Peter hizo una pizarra. La puso junto a la entrada. Se lo dijo a sus meseros.
Viernes por la noche: Vendió una porción. A un cliente habitual que preguntó "¿qué hay especial esta noche?" La mayoría de los clientes nunca vio la pizarra. La mayoría de los turistas no pueden leer la letra de Peter.
Sábado: Vendió dos porciones. Una a un holandés local que vio la pizarra. Una a una pareja cuyo mesero recordó mencionarlo.
Domingo: Dio las nueve porciones restantes al personal. El pescado fresco no espera.
Ingresos perdidos: €432. Beneficio perdido: €198. De un fin de semana. Porque su menú no podía moverse rápido.
Peter cambió a menús digitales en noviembre.
La configuración le tomó unos 30 minutos. Fotografió su menú regular. El sistema lo extrajo. Él lo revisó, aprobó.
Ahora cuando su proveedor le envía mensajes sobre pesca fresca, Peter la añade al menú digital inmediatamente. Desde su teléfono. Mientras camina hacia la camioneta del proveedor para recoger el pescado.
Toma unos dos minutos:
El código QR de cada mesa muestra la actualización en segundos.
Primer fin de semana después del cambio: El proveedor llamó el jueves por la tarde. Gallo de San Pedro fresco, diez porciones. €45 por plato.
Peter lo añadió a su menú digital a las 4:15pm del jueves. Los clientes escaneando códigos QR a las 6pm vieron "Gallo de San Pedro Fresco - desembarcado esta mañana - €45" automáticamente en la parte superior de su sección de mariscos.
Viernes por la noche: Vendió cuatro porciones. Sábado: Vendió seis porciones. Domingo por la mañana: Agotado. Actualizó el menú para eliminarlo. Tomó 15 segundos.
€450 de ingresos. €200 de beneficio. De pescado que habría ido a la comida del personal con menús impresos.
"El juego cambió completamente," dijo Peter. "Ahora cuando los proveedores llaman con pesca especial, digo que sí cada vez. Porque sé que realmente puedo venderla."
Manejas mariscos en Rotterdam. Sabes de lo que hablo.
El lunes tu proveedor tiene bacalao. El martes es platija. El miércoles los barcos se quedaron por el clima.
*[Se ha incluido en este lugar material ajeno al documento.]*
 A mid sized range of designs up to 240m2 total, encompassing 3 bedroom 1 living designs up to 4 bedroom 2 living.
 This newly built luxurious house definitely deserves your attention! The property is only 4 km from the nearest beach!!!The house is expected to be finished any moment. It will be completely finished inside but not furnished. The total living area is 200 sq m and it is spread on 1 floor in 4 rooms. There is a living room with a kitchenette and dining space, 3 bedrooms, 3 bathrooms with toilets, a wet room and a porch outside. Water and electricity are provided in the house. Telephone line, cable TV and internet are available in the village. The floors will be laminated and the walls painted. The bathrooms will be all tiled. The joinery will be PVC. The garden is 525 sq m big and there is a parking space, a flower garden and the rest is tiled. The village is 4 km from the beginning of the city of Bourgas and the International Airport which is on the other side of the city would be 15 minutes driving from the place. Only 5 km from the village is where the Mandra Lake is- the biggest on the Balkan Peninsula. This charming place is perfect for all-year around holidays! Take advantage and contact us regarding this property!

El jueves regresaron con lo que pescaron.
Los menús impresos muestran lo que tenías cuando fuiste a imprimir. No lo que tienes hoy.
Así que o:
Ninguna de estas opciones es buena.
Los menús digitales coinciden con la realidad. Lo que está disponible hoy está en el menú hoy. Lo que se agotó se elimina inmediatamente. Lo que trajeron los barcos esta mañana se añade esta tarde.
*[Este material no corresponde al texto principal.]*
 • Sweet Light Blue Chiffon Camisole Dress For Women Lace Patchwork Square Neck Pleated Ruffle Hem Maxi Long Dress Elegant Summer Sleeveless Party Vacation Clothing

Tu menú se vuelve honesto. Los clientes ven lo que realmente tienes, ahora mismo, con precios actuales.
La pesca fresca no es lo único que cambia.
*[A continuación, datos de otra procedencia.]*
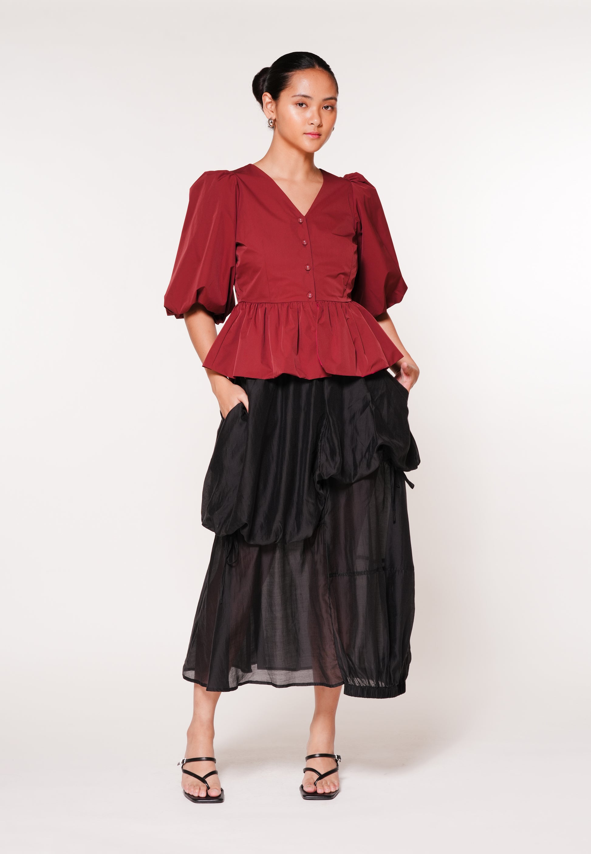 A loose-fit skirt made from soft organza, featuring a hi-waist elastic waistband and bubble detailing with a drawstring for a playful, textured look. Designed with an elastic hem detail on the left side and finished at a midi length for a modern, effortless silhouette.

Temporada de mejillones: Septiembre a abril. Los quieres prominentes en tu menú durante la temporada. Desaparecidos completamente en verano.
Ostras: Disponibles todo el año pero la calidad varía estacionalmente. Cobras más por las ostras premium de invierno que por las de verano.
Langosta: Los precios del proveedor fluctúan semanalmente según la pesca y el clima. Tu menú impreso muestra €55. Tu costo real esta semana requiere €62 para mantener el margen.
Con menús impresos, constantemente estás atrasado. O absorbes aumentos de costos, decepciona a clientes sobre disponibilidad, o actualizas precios manualmente con etiquetas impresas (parece barato).
Annemiek maneja una brasserie de mariscos en Scheveningen. Ubicación turística, muchos alemanes y británicos esperando mariscos frescos del Mar del Norte.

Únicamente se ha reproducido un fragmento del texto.